3.5.1.17.11 Memory Allocation Library

For SoC designs on platforms running Linux, the SmartHLS Memory Allocation Library can be used to allocate memory in special areas outside of the areas normally used by the operating system. Memory in these areas is ensured to be physically contiguous and free from the virtual-physical mapping that is normally imposed by the operating system. Having contiguous, physically pinned down memory is required for efficient memory transfers between DDR and components on the FPGA fabric, since it avoids issues such as paging and virtual-to-physical address translation. The SmartHLS memory allocation library should be used for any accelerator arguments that use DMA Copy or Accelerator Direct Access 3.5.1.22.2 SoC Data Transfer Methods.
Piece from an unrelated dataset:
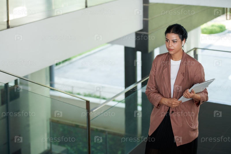 Деловая женщина несет документ на верхний этаж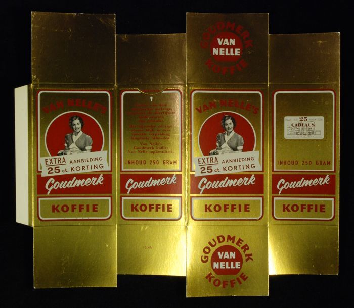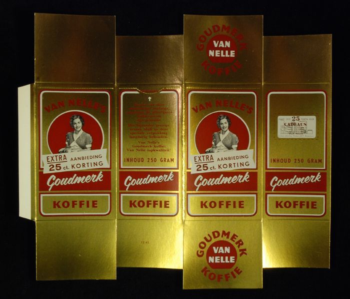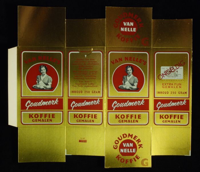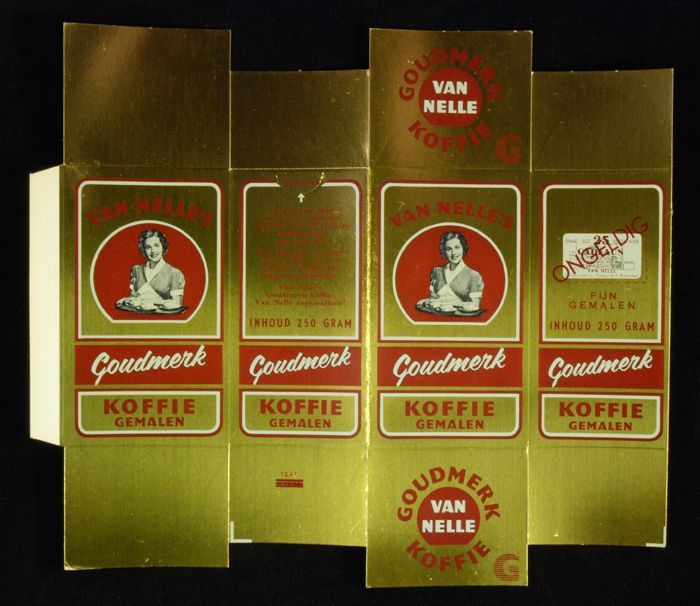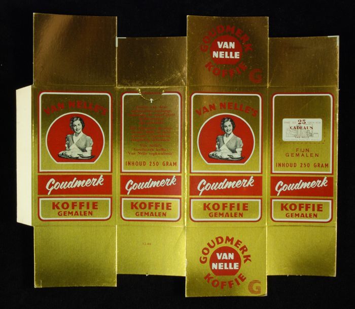 Goudkleurig, kartonnen pak VAN NELLE'S GOUDMERK KOFF...

An Example of how to use the library is shown below:

#include "hls/hls_alloc.h"

// Allocate enough memory for an array of 8 32-bit numbers in the default memory
// region using hls_malloc. This call has the same function signature as
// standard C malloc().
uint32_t array_size = 8 * sizeof(uint32_t);
uint32_t *array_ptr = (uint32_t *)hls_malloc(array_size);

// Allocate the same amount of memory in the non-cached DDR region. The second
// optional argument is used to specify which memory region to use.
uint32_t *noncached_array_ptr =
(uint32_t *)hls_malloc(array_size, HLS_ALLOC_NONCACHED);

// Use hls_memcpy to move data from one array to another. This call has the same
// signature as standard C memcpy(), with additional arguments to specify where
// the transfer is going and what method to use. In this example, we move data
// from one array in MSS DDR to another array in MSS DDR, using the hard DMA
// controller in the MSS.
hls_memcpy(noncached_array_ptr, array_ptr, array_size, HLS_ALLOC_MSS_TO_MSS,
HLS_ALLOC_PDMA);

// Free the allocated buffers using hls_free, has the same function signuture as
// standard C free().
hls_free(array_ptr);
hls_free(noncached_array_ptr);

The optional second argument in hls_malloc defines what memory region memory should be allocated in, and is of type hls_alloc_memory_type_t, defined in the hls_alloc.h. Using the SmartHLS reference SoC linux image, there are three memory regions available for use with the Memory Allocation Library, oulined in the table below. The address and size of each region can be modified to fit other Linux images by changing the hls_alloc_buffer_regions struct in hls_alloc.h and recompiling the library.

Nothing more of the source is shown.